Friday, April 27, 2012

The Rest Stop


I was bored, hot, tired, and starving. My little sister was in even worse shape, and had decided to occupy her time by incessantly trying to touch my kidney with her elbow. My older sister was on my other side and reeked of an unnamed lotion her body seemed to depend on second only to oxygen. Whoever decided to shove the three children in the backseat of my mom’s black Ford Windstar for an eight hour car ride had made an extremely poor decision. We had been on the road since before the sun was up. Luckily for the other passengers, us kids didn’t even remember waking up  at the hotel and being placed in the van.

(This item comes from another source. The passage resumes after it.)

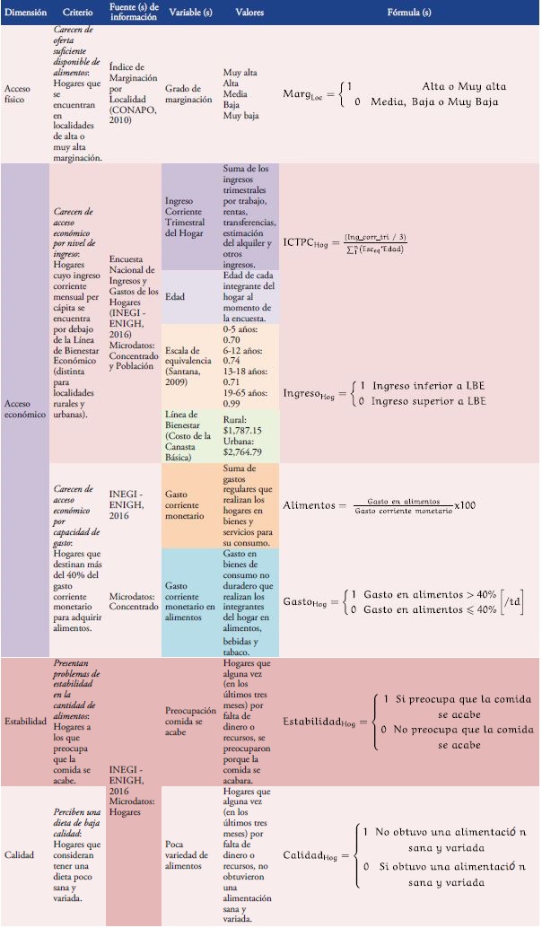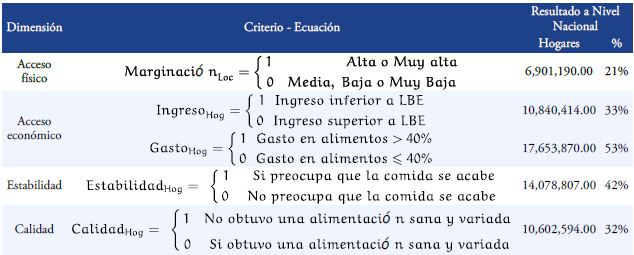 Metodología: Se combinan variables cualitativas y cuantitativas para cubrir cuatro dimensiones (acceso físico, acceso económico, estabilidad y calidad de la alimentación) a partir de cinco criterios (marginación, ingreso, gasto, percepción de cantidad y percepción de variedad).

Unfortunately, lunchtime was nearing and everyone’s patience was beginning to run thin. My mom had spent the last half hour feigning sleep in a attempt to try to keep us quiet, but our chanting and projectile pretzels had forced a flinch that gave her away. Grandpa and grandma had long since turned off their hearing aids and were having a wonderful time enjoying the coastline from their second row seats.
It had been a week since we started our journey through the Northwest United States. The previous day, we had met up with my grandparents in San Francisco and began a two day long drive up the coast of California. My dad soon understood that we could only be placated with a chance to stretch our legs and put something in our bellies. He pulled into the next rest stop and into an empty parking space. My mom had barely unlocked the van before an all-out battle royale had begun to see which sibling would be the first to jump into the ocean. I stiff armed my older sister as I flipped over the backseat and out of the trunk while my younger sister tried to scrambled past my grandparents.  We threw our shoes off in the general direction of our mother and sprinted off against a warm, salty breeze. I kicked up sand in every direction and began to pull away from my sisters as the clear winner. With each and every stride my anticipation ballooned until finally I dove headfirst into the glistening Pacific Ocean. For a second, everything was quiet. My eyes burned. The blue-green world surrounding me seemed undisturbed by my victory. Then a blinding light reappeared and my sisters’ laughter brought my world back into focus. We spent the next hour racing down the coastline, always trying to run faster than the incoming waves. By the time my parents had caught up to us with their leisurely stroll, we were soaked, exhausted, and incapable of removing the smiles cemented on our faces.
On our way back to the car, I slowed my pace and tried to absorb my surroundings. My childhood ignorance itched to run back to the van, but I was mesmerized by the pattern in which the light played off the waves. I wanted it. I wanted the warm sun, the incessant laughter, the refreshing water. I was too young to see how much these recollections and the ephemeral ocean breeze had in common. My family’s voices beckoned me back to earth. I took one last glance at a memory and shoved a huge handful of sand into my pocket. “Don’t leave me!”